De-clutter the Updates


When they were isolated to their own section of the site, I let the updates be as, well, cumbersome as they could be, figuring the more available information the better. With them on the home page, though, it’s a different story.

In order to keep the home page from looking too “cluttered,” I’ve started adding jump breaks to the updates. This better controls the length of the page, and, along with limiting the number of updates to three, again serves to keep the sidebar within view (instead of letting it disappear with a scroll).

I also removed the author attribution and the time stamp from every post. Given they’re all from me, I should’ve removed the attribution a long time ago, but as for the time stamp? Well, I typically don’t update more than once in a day, so what’s the point of that?

New Header


I loved my old header. It was sleek, attractive and quite useful, especially with the embedded ImageMap connecting it to my social media accounts. Unfortunately, as the header was the full width of the site (1060px), it appeared too small when resized on mobile. The ImageMap also had an issue, at times, displaying on mobile. I rightly couldn’t have that.

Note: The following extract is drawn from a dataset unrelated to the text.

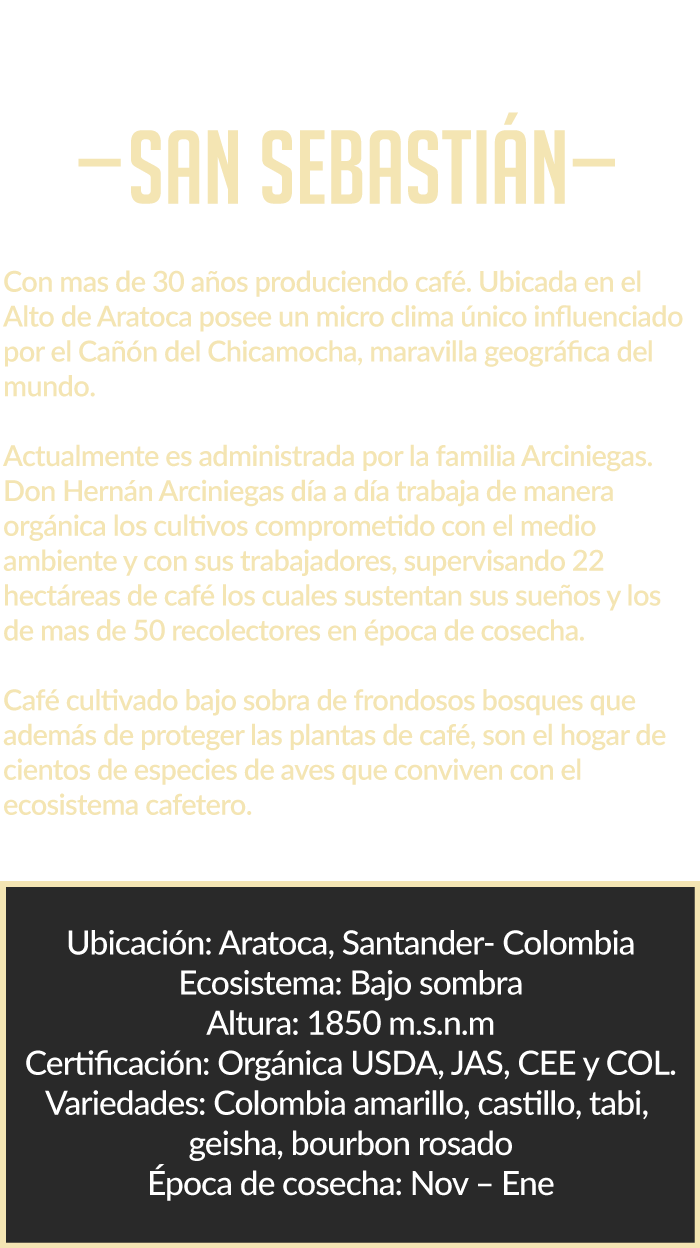 Ubicación: Aratoca, Santander -Colombia​ Ecosistema: Bajosombra​ Altura: 1900 msnm​ Certificaciones: Orgánica USD, JAS, CEE y COL Variedades: Castillo, Tabi, Laurina ​ Época de cosecha: Nov - Ene​

The easy decision was to outright drop the Image Map. While useful on the desktop, it was rendered generally useless on mobile. While the new image is now simply that, it works exactly as I need it to: it looks pretty. And I don’t think I’ll bother using an ImageMap again in the future.

What came next was a header redesign. I halved the art width so it would appear larger on mobile (shrinking from 1060px to 530px). I couldn’t simply resize the original, as it was designed specifically to reach across the page, so I reworked the elements into the new version at the top of this page. Which I also happen to quite enjoy.

Other SEO Changes


Outside what you can see, I’ve also included a number of coding changes on the site designed to positively influence SEO. There’s a lot to cover on that bit, though, so I’ll write those up in a separate post.